What we consume consumes us
We're in a relationship with thoughts and things in the same way as we are with others. It's an exchange of energy. As I wrote in the universal language of human relationships
The things we own own us as it takes energy to deal with them and unless we change our relationship with the stuff we own, it will end up owning us.
[…]
If we think it's hard to understand how a relationship with things works, it is harder still to learn the mechanisms underscoring human relationships.
There's a give and take of energy in interactions. It's more perceived than real, but it happens nonetheless. The more we understand the mechanism that drives the depletion part, the better off we'll be:
We act to make what we want and what we think could happen match. When that doesn't happen, we repress or deny it to manage our anxiety or do our best to make our desires come true.

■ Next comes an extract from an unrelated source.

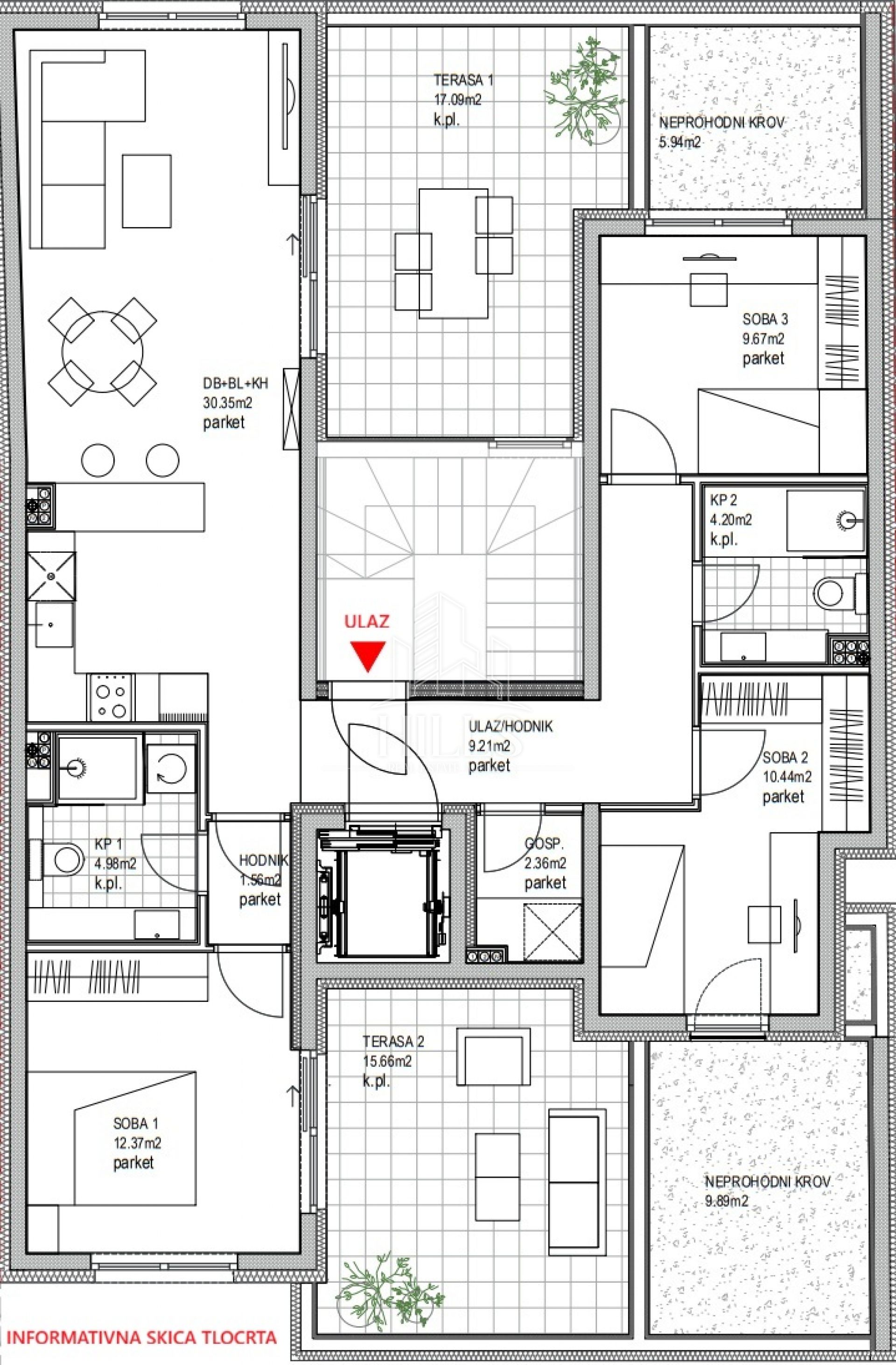 Stan se sastoji od ulaznog prostora, dnevnog boravka s kuhinjom i blagovaonicom, 3 spavaće sobe, 2 kupaonice s wc-om, vešeraja te 2 terase.

What happens in our heads is very powerful. Our reading, our habits, the things we consume end up affecting us in ways more profound than we may imagine. In our gut we know this, but we let short-term thinking and desires for gratification, immediate results, and quick fixes take over.

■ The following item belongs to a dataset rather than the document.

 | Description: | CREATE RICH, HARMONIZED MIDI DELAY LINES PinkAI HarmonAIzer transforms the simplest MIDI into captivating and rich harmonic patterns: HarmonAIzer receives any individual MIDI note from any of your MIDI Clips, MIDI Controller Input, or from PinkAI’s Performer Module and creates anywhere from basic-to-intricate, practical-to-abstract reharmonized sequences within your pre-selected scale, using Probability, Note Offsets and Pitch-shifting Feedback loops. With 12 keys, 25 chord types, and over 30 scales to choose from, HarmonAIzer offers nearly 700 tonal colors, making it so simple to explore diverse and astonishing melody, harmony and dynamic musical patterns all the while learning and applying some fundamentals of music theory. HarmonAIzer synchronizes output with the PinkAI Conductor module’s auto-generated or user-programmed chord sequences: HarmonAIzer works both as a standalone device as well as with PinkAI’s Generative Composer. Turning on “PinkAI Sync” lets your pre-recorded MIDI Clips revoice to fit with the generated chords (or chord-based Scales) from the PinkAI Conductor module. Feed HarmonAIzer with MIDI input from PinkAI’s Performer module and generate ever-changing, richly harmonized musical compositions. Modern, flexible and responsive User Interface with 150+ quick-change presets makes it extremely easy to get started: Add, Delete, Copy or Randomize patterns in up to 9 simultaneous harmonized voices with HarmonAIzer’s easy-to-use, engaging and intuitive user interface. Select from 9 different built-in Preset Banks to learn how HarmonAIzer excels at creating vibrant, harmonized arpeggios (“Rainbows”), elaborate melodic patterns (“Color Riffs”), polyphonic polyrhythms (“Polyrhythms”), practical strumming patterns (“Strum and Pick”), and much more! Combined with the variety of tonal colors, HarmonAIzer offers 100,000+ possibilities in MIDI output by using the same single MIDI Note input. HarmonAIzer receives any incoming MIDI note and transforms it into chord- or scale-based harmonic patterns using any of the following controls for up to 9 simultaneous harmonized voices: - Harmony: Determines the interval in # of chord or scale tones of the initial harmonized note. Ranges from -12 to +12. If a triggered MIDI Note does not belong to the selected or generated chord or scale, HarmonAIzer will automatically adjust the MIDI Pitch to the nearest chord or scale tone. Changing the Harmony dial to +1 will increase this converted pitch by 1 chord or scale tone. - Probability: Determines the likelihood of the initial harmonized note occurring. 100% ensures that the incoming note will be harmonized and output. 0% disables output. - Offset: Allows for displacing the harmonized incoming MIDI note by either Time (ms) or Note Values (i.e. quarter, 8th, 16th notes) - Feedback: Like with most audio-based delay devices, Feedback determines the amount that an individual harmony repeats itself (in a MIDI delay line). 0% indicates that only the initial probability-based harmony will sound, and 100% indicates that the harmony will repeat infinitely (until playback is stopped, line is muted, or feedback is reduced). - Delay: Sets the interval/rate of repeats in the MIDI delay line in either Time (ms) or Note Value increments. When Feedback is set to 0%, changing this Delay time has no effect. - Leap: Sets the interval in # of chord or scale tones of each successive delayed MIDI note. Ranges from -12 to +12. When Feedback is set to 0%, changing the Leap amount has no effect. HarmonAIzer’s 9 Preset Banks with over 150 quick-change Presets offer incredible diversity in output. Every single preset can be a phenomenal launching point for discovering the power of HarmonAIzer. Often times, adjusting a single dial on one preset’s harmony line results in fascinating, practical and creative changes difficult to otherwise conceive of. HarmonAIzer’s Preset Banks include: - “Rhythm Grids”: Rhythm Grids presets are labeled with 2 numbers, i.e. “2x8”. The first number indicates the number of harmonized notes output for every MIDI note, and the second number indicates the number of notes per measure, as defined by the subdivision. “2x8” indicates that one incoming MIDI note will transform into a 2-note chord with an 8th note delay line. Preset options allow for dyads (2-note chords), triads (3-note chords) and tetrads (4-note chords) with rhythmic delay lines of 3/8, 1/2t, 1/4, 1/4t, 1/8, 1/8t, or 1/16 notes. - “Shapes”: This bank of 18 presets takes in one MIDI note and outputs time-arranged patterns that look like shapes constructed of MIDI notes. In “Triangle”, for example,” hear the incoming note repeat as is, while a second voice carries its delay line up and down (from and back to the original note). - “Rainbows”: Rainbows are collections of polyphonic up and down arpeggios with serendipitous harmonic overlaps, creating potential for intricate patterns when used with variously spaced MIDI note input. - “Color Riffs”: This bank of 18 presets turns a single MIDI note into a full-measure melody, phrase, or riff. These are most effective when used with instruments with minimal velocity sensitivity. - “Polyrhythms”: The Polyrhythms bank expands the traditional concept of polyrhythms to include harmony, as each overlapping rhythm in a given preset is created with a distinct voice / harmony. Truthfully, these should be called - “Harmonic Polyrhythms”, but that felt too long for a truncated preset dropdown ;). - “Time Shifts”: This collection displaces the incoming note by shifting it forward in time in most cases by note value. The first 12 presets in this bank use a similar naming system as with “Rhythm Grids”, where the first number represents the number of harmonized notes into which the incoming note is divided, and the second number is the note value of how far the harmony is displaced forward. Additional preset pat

This and social pressure are the levers that take over.
Fads vs trends
We could argue that everything is momentary, but with consequences, many of which are unintended. Fads are short-term events, which is why we also call them “flash in the pan.” They're here and gone. Trends have the potential of influencing a market long-term. Some ideas are weeds, some are trees.
If we want the stuff that makes history, we want to tell the fads from the trends. To learn the difference we may resort to tactics like Ulysses with the sirens — minimize temptation by making a binding promise to hold ourselves to our purpose long enough to vet and validate an event.
In Megatrends, John Nasbitt says that each new technology, to be successful, must be coupled with a compensatory human response. Thirty years later, we can tell the trends because they endured in our culture.
The more we're online, the more we want and need to get offline with people in real life, for example. Evidence of this trend is the proliferation of in person events, which is why it's both difficult to know about them all, and near impossible to capture them in a system so people can discover them.
As technological development accelerates and permeates human cultures, the value of individually hand-crafted items rises. The interest in owning hand-made items, and in making things with one's own hands, increases in parallel.
Globalization and localization are in conversation with each other — each force pulling its weigh as the laws of physics would dictate. Why? Because where we live and what happens there matter to us as much as the possibilities of expanding our horizons and trading all over the world.
Trends flow through culture on a river of emerging consensus and change us in some way, they change the way we think and operate. But it's not enough to pay attention to long-term developments to sail on the winds of commerce.
Empires rise and fall based on how they execute, their behavior. Rapid growth comes at a cost. Often the price we pay is our future. We want to learn to see the difference between short-termism and longpath, weed and tree ideas, as much as we want to tell fads from trends. The more we seek first to understand, the better off we are when it comes to long-term results.
At Conversation Agent, I focus on slow and tree ideas. Which is why I took a short (if we consider the almost 11 years of this blog) hiatus to take stock of what we've learned together so far (see my Twitter feed or search here for re-runs on topics), and to think about where the conversation takes us to futures thinking.
Conversation is the internet of the modern business landscape. My hunch is there is so much more to do to learn about the relationship of business with technology and digital media as seen through the lens of human behavior. And this is what Conversation Agent is all about.